• Exercise brief
For the records below, output word for word the lines from the one with "Une limite d'au" up to and including the one with "Musée de la musique - Plateau XVIIIe siècle". No pictures.

• Input for this task

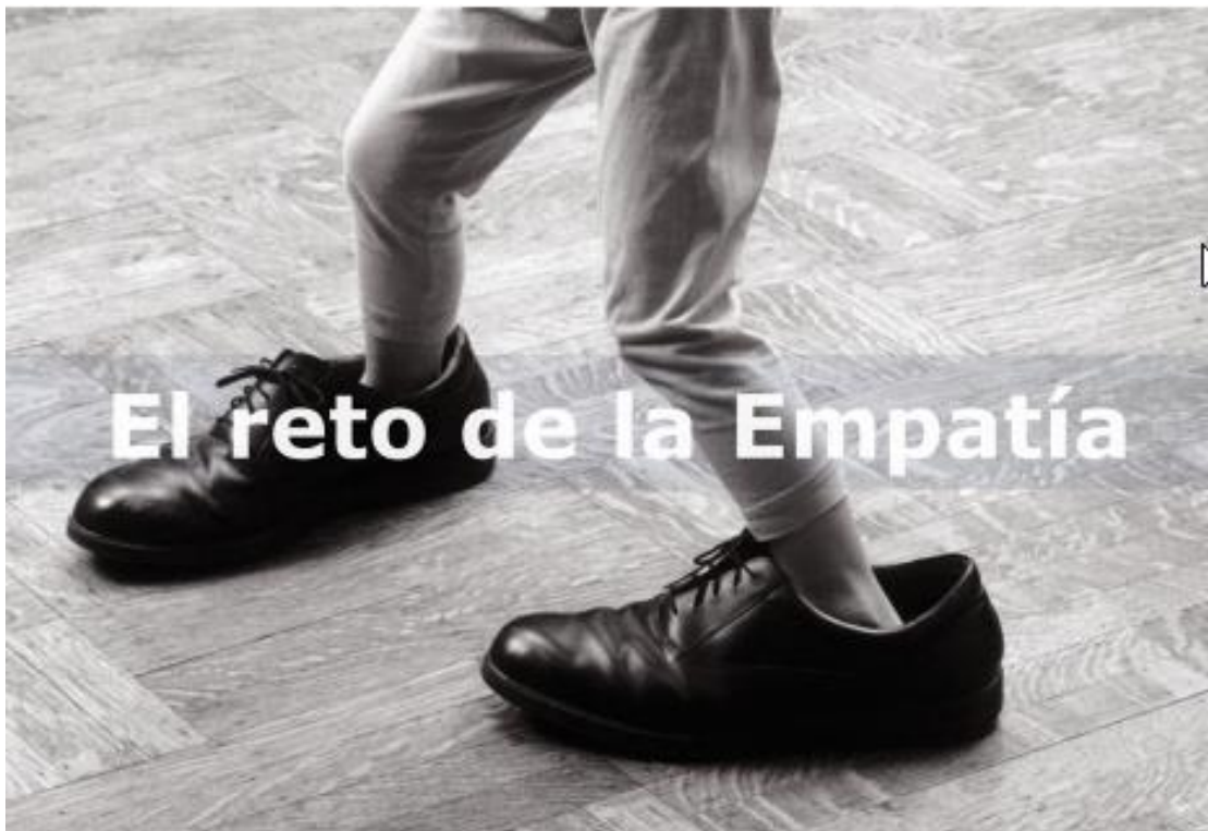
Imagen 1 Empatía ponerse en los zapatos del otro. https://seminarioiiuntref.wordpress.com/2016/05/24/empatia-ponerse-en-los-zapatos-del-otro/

* * *

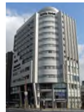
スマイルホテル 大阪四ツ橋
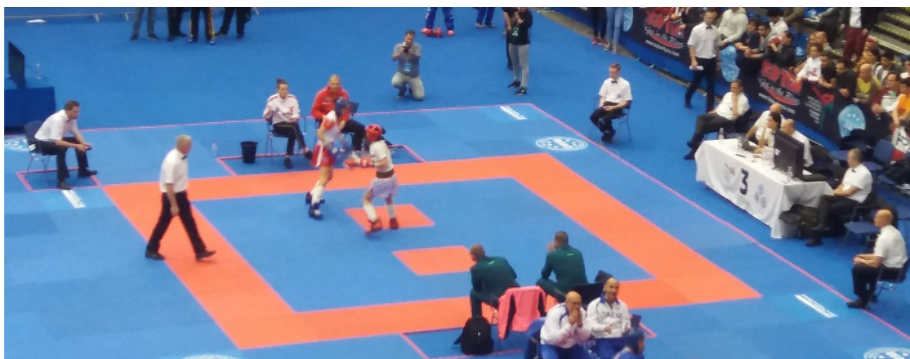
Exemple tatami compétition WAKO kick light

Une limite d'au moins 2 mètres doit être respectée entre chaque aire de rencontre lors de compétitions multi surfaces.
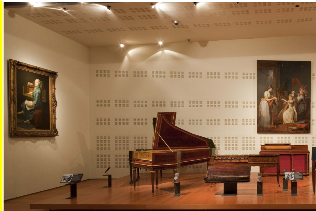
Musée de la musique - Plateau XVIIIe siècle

• Result of the task
Une limite d'au moins 2 mètres doit être respectée entre chaque aire de rencontre lors de compétitions multi surfaces.
Musée de la musique - Plateau XVIIIe siècle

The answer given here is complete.